Au4

On Audio

Published Sep 1, 2006

Pronounced "0-4,” Au4 is the brainchild of Vancouver’s Wylie brothers: Aaron, Nathan and Ben. Influenced by superstar club acts like Massive Attack and Underworld, the band fuse trip-hop with emo pretty seamlessly, wallowing in lost loves and lurid, layered loops. "Hit and Miss” opens with an ambient melody and meaty bass line over fluttering drum chops. It’s an uplifting feeling to open the album with, one that promises something exciting. Then, the chord picking hits, driving choral vocals into a meandering miss.

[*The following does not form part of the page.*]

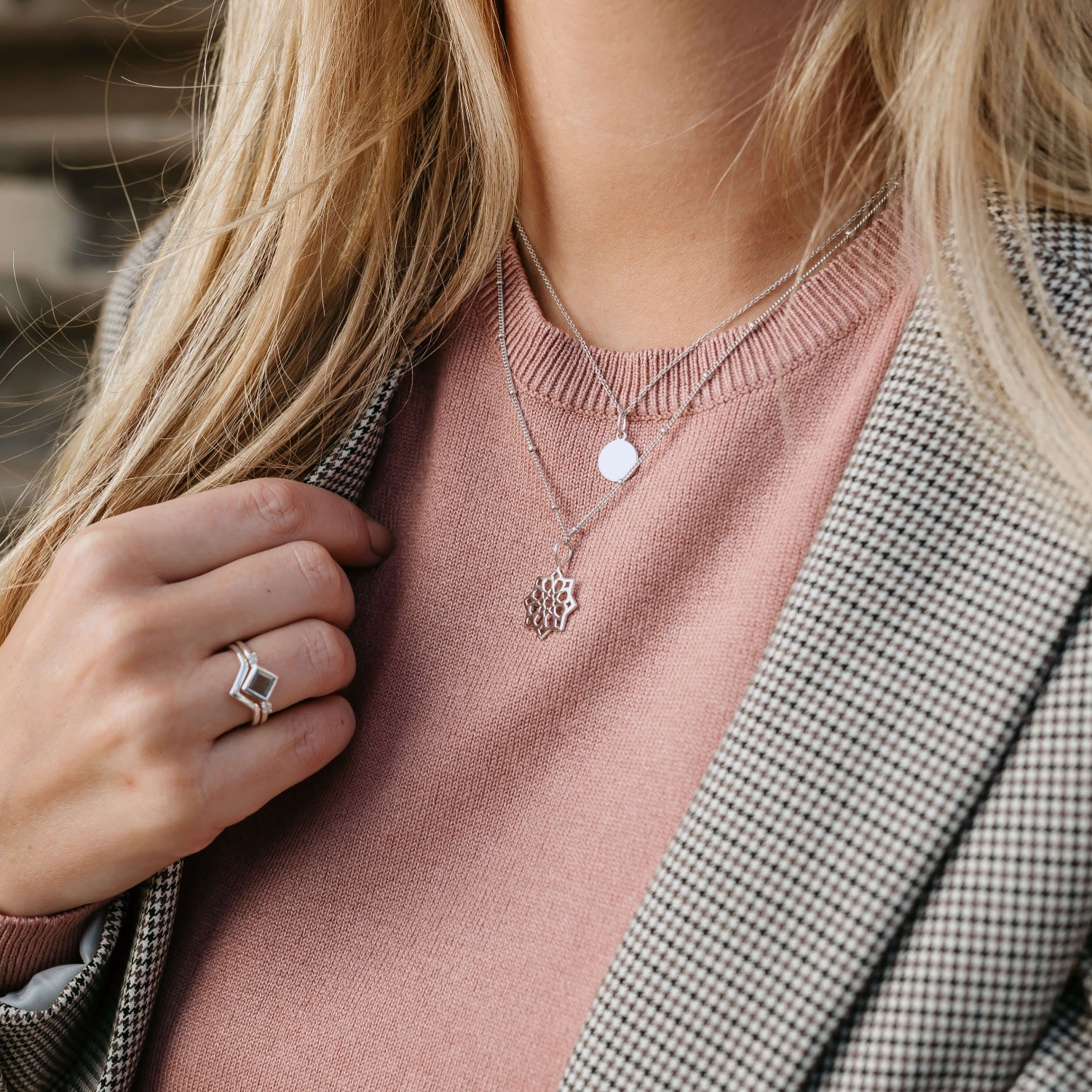This chain is made of solid sterling silver and has a 2" extender, allowing it to be worn at 18", 19", or 20" length.

For various reasons, both melodic, and when you really analyse most of the words being sung like a wolf in the night, On Audio features hooks that affect almost hauntingly. On the album’s most palatable track "A Mile from Here, Is a Hole Where I Buried Your Love,” the vocals could confuse Au4 for Scandinavian, inflecting the oddest parts of each word in the two lines worth of lyrics. "An Ocean's Measure of Sorrow” feasts on sparse, dissonant guitar twanging, and a chorus of "na-na-na-na” falling somewhere along the lines of Oasis’ "All Around the World” waltzing belligerently against Nine Inch Nails’ "Where Is Everybody.” Each band member has a Conservatory background, so the instrumentation is predictably polished rather than engagingly enthusiastic. It gives the album a "look what I can do with my computer toys” kind of feeling, perpetuated by the taunting tone of the vocals on closer "The Seeds It Left Behind.” Sticks and stones may break my bones, but vapid, pretentious songwriters bore me.